No final do mês de maio, Fernando Barreto – sócio-fundador da Webcitizen – e Priscila Cortat – Diretora de Planejamento – estiveram presentes no Festival Path, um evento que mistura tecnologia, criatividade e empreendedorismo e estimula a troca de experiências em prol da inovação.

Convidados para palestrar, eles optaram por abordar um tema que já vem aquecendo os debates da esfera digital ao redor de todo o mundo: Como os algoritmos estão influenciando quase todas as informações que consumimos. Tema que tem sido debatido também em fóruns e estudos sobre política e democracia, levantando a questão de como os algoritmos podem impactar a formação de opinião dos cidadãos.

Abaixo, reunimos os principais tópicos da palestra pra quem não pôde conferir o debate ao vivo.

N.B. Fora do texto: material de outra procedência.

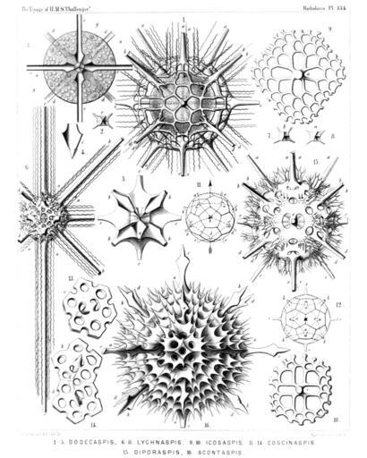 | Keywords: Radiolaria (Challenger) Plate 134.jpg follows <table> <tr> <td style text-align center; vertical-align top; colspan 3 >Plate 134 Dorataspida </td> </tr> <tr> <td style font-size 85 ; text-align right; vertical-align top; colspan 3 >Diam </td> </tr> <tr> <td style vertical-align top; >Fig 1 Dodecaspis tricincta n sp </td> <td style vertical-align bottom; >×</td> <td style text-align right; vertical-align bottom; >400</td> </tr> <tr> <td style font-size 85 ; padding-left 3em; text-indent -1em; vertical-align top; >The enclosed central capsule contains numerous spherical nuclei </td> </tr> <tr> <td style vertical-align top; >Fig 2 Lychnaspis minima n sp </td> <td style vertical-align bottom; >×</td> <td style text-align right; vertical-align bottom; >400</td> </tr> <tr> <td style font-size 85 ; padding-left 3em; text-indent -1em; vertical-align top; >Six-sided basal pyramid of an equatorial spine with the leaf-cross seen from the centre </td> </tr> <tr> <td style vertical-align top; >Fig 3 Zonaspis cingulata n sp </td> <td style vertical-align bottom; >×</td> <td style text-align right; vertical-align bottom; >400</td> </tr> <tr> <td style font-size 85 ; padding-left 3em; text-indent -1em; vertical-align top; >Equatorial section through the central capsule n nuclei; g yellow bodies intracapsular xanthellæ </td> </tr> <tr> <td style vertical-align top; >Fig 4 Zonaspis cingulata n sp </td> <td style vertical-align bottom; >×</td> <td style text-align right; vertical-align bottom; >800</td> </tr> <tr> <td style font-size 85 ; padding-left 3em; text-indent -1em; vertical-align top; >Central pyramidal base of an equatorial spine with the leaf-cross </td> </tr> <tr> <td style vertical-align top; >Fig 5 Stauraspis cruciata n sp </td> <td style vertical-align bottom; >×</td> <td style text-align right; vertical-align bottom; >400</td> </tr> <tr> <td style font-size 85 ; padding-left 3em; text-indent -1em; vertical-align top; >Central union of the radial spines three polar spines being taken off </td> </tr> <tr> <td style vertical-align top; >Fig 6 Lychnaspis longissima n sp </td> <td style vertical-align bottom; >×</td> <td style text-align right; vertical-align bottom; >400</td> </tr> <tr> <td style vertical-align top; >Fig 7 Lychnaspis minima n sp </td> <td style vertical-align bottom; >×</td> <td style text-align right; vertical-align bottom; >400</td> </tr> <tr> <td style font-size 85 ; padding-left 3em; text-indent -1em; vertical-align top; >Five-sided basal pyramid of a tropical spine with the leaf-cross seen from the centre </td> </tr> <tr> <td style vertical-align top; >Fig 8 Lychnaspis minima n sp </td> <td style vertical-align bottom; >×</td> <td style text-align right; vertical-align bottom; >400</td> </tr> <tr> <td style font-size 85 ; padding-left 3em; text-indent -1em; vertical-align top; >Six-sided basal pyramid of a polar spine with the leaf-cross seen from the centre </td> </tr> <tr> <td style vertical-align top; >Fig 9 Icosaspis elegans n sp </td> <td style vertical-align bottom; >×</td> <td style text-align right; vertical-align bottom; >400</td> </tr> <tr> <td style font-size 85 ; padding-left 3em; text-indent -1em; vertical-align top; >An isolated polar plate </td> </tr> <tr> <td style vertical-align top; >Fig 10 Icosaspis cruciata n sp </td> <td style vertical-align bottom; >×</td> <td style text-align right; vertical-align bottom; >400</td> </tr> <tr> <td style font-size 85 ; padding-left 3em; text-indent -1em; vertical-align top; >An isolated equatorial plate </td> </tr> <tr> <td style vertical-align top; >Fig 11 12 Dorataspis species </td> <td style vertical-align bottom; >×</td> <td style text-align right; vertical-align bottom; >100</td> </tr> <tr> <td style font-size 85 ; padding-left 3em; text-indent -1em; vertical-align top; >Diagram of the composition of the shell of twenty plates and also of the central union of the basal leaf-cross </td> </tr> <tr> <td style font-size 85 ; padding-left 3em; text-indent -1em; vertical-align top; >Fig 11 Oblique equatorial aspect </td> </tr> <tr> <td style font-size 85 ; padding-left 3em; text-indent -1em; vertical-align top; >Fig 12 Accurate polar aspect compare p 804 805 </td> </tr> <tr> <td style vertical-align top; >Fig 13 Coscinaspis isopora n sp </td> <td style vertical-align bottom; >×</td> <td style text-align right; vertical-align bottom; >400</td> </tr> <tr> <td style font-size 85 ; padding-left 3em; text-indent -1em; vertical-align top; >An isolated equatorial plate with two aspinal and six coronal pores </td> </tr> <tr> <td style vertical-align top; >Fig 14 Coscinaspis isopora n sp </td> <td style vertical-align bottom; >×</td> <td style text-align right; vertical-align bottom; >400</td> </tr> <tr> <td style font-size 85 ; padding-left 3em; text-indent -1em; vertical-align top; >Two isolated tropical plates b northern; d southern each with two aspinal and five coronal pores </td> </tr> <tr> <td style vertical-align top; >Fig 15 Diporaspis nephropora n sp </td> <td style vertical-align bottom; >×</td> <td style text-align right; vertical-align bottom; >400</td> </tr> <tr> <td style vertical-align top; >Fig 16 Acontaspis hastata n sp </td> <td style vertical-align bottom; >×</td> <td style text-align right; vertical-align bottom; >400</td> </tr> </table> https //archive org/details/reportonradiolar00haecrich 1887 Ernst Haeckel 1834-1919 ; engravings by Adolf Giltsch 1852-1911 PD-old-auto-1923 1919 Report on the Radiolaria |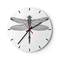 Nástenné hodiny - Detailná ilustrácia vážky v čiernej farbe na bielom pozadí - 30x30cm - Presnosť prírody - Moderná nástenná dekorácia do obývacej izby, kuchyne a spálne ARTTOR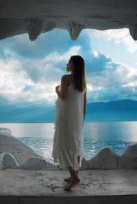 The most stunning moment of the Dali trip is none other than standing on the balcony of Dali Pomegranate Sea View Boutique Hotel (Shuanglang Erhai Branch), watching the sunlight pierce through the clouds and shine on Erhai Lake✨ The light and shadow here dance, and every snap looks like a masterpiece📷 🏡 Boutique highlights: • Moon bathtub check-in spot (Cloud Shadow Suite): The dreamy bathtub that looks like "standing on the moon's surface" is definitely a hit, paired with a white bathrobe + green plants, full of Instagram vibes • 180-degree sea view balcony: Every morning you open your eyes to the gradient blue of Cangshan Mountain and Erhai Lake, and at dusk, the clouds dye the entire room orange • Smart home perks: electric curtains, smart toilet 📍 Prime location: Right in the center of Shuanglang Ancient Town, a 3-minute walk to the passenger transport center, super convenient to popular restaurants Fushi and Muxi Dali; Sitting on the balcony at night, enjoying the breeze is incredibly pleasant✨ 📸 Must-shoot spots: 1. Bathtub + moon background wall (recommended to wear a solid color slip dress) 2. Balcony lounge chair + Erhai sunset (around 5 PM for the softest light) 3. The "Santorini" white wall in the public area 🍰 Hidden perks: The rose cheesecake for afternoon tea is amazing, and the coffee beans are endorsed by teacher Yang Liping‼️ 💡 Tips: • When booking, request a middle room for a wider view • The boutique provides free dresses👗 and travel photography services • Off-season prices are very attractive, but the winter seagull season is even more photogenic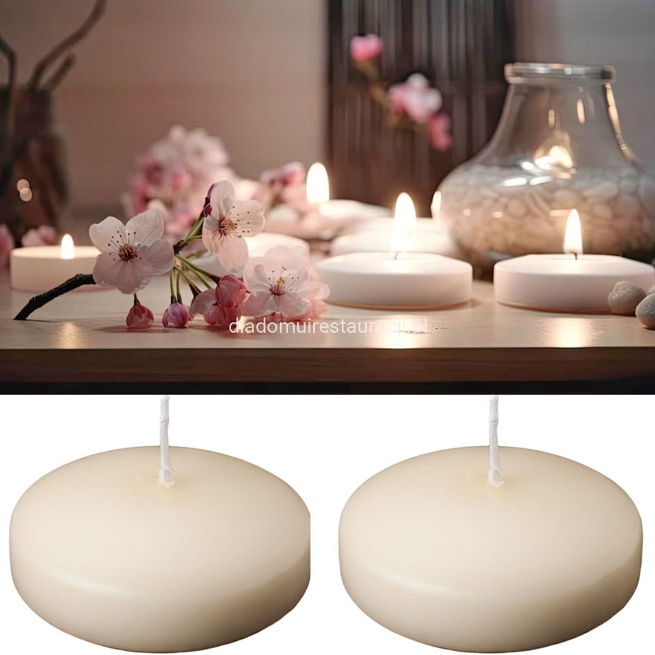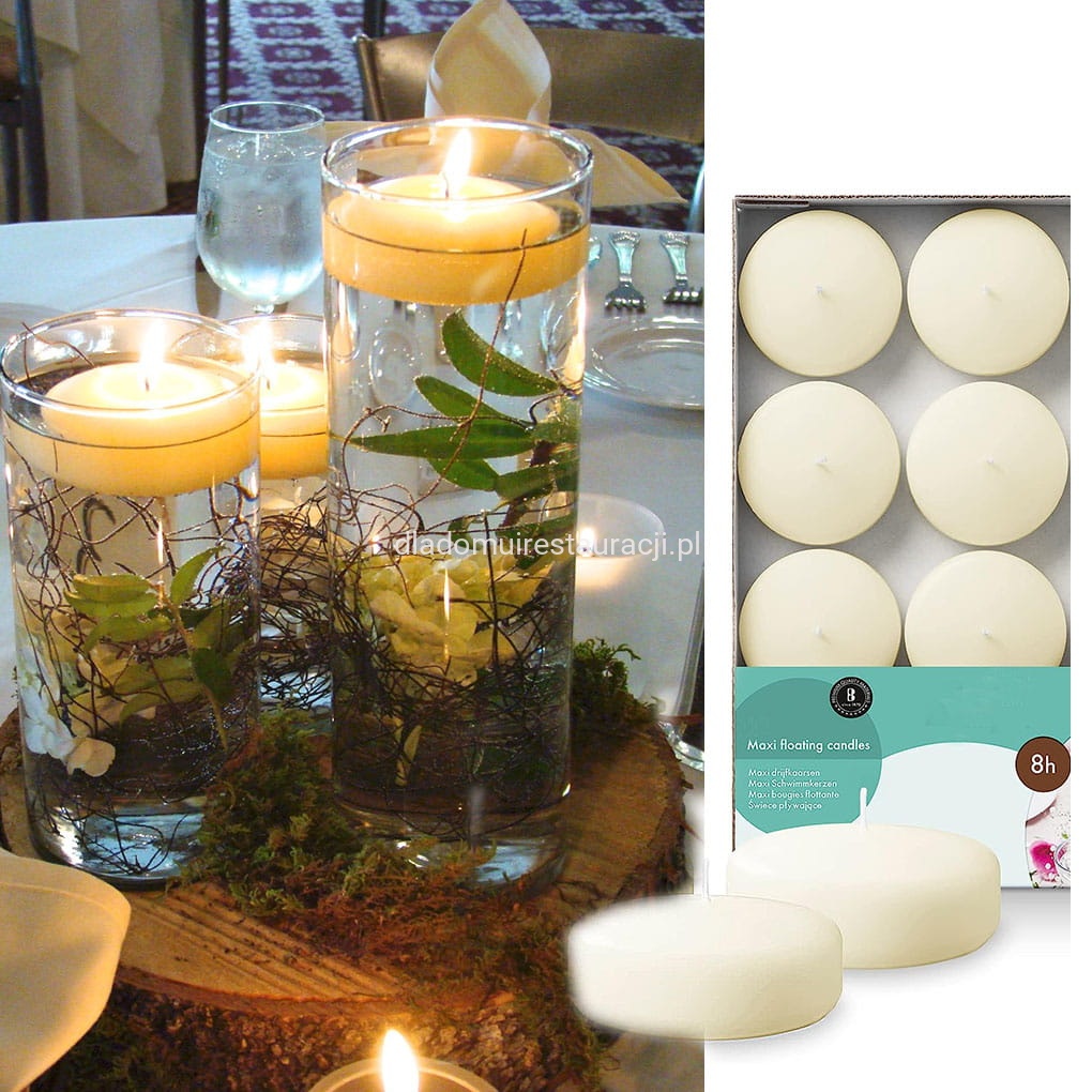Świeczki pływające dyski XXL można wykorzystać zarówno wewnątrz pomieszczeń, jak i na zewnątrz – np. w stawie, oczku wodnym, szklanym naczyniu czy dużym wazonie. W aranżacji warto połączyć je z ozdobnym żwirkiem, kamieniami, trawami, muszlami lub innymi elementami dekoracyjnymi. Po zapaleniu świec powstaje efekt świetlnej kompozycji unoszącej się na wodzie.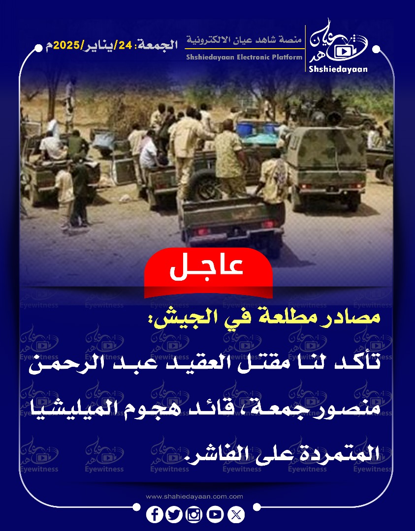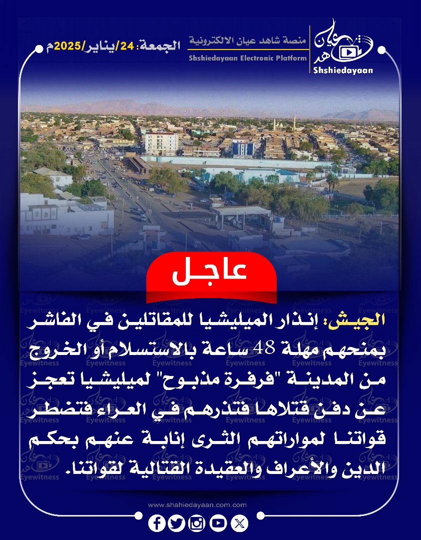 خبر في صورة الأخبار عاجل ….. الجيش: إنذار الميليشيا للمقاتلين في الفاشر بمنحهم مهلة 48 ساعة بالاستسلام أو الخروج من المدينة “فرفرة “مذبوح شاهد عيان يناير 24, 2025 0 أقرأ المزيد ..

Afinal, o que são os algoritmos?

Os algoritmos são programas de computador que organizam o conteúdo disponível na internet e determinam como as informações serão distribuídas. Sem os algoritmos seria quase impossível encontrar aquilo que você procura, ou seja, teríamos trilhões de dados soltos e sem escala de relevância. Os algoritmos são para a internet hoje, o que a dark matter é pro universo. Ou seja, os algoritmos criam relações entre todos os elementos disponíveis na rede, fazem com que os dados se posicionem, se diferenciem e criem interferência entre eles. Enfim, ajudam a internet a entender onde você está, a que perfil pertence e que resultado provavelmente está buscando.

Você já se perguntou como certos conteúdos chegam até você?
Quando perguntamos para as pessoas sobre como elas encontram informações importantes, é muito comum ouvirmos: Quando as noticias são importantes, elas me encontram… Facebook, Google, Twitter, Netflix, entre outras plataformas, analisam o comportamento online das pessoas para recomendar o que ‘parece’ ser mais interessante ou relevante para cada um de nós. Portanto é errado acreditar que o que você visualiza na sua timeline do Facebook corresponde a tudo o que seus amigos postam, ou que os resultados dos termos que você busca no Google, são os mesmos que aparecem para qualquer outro usuário da ferramenta.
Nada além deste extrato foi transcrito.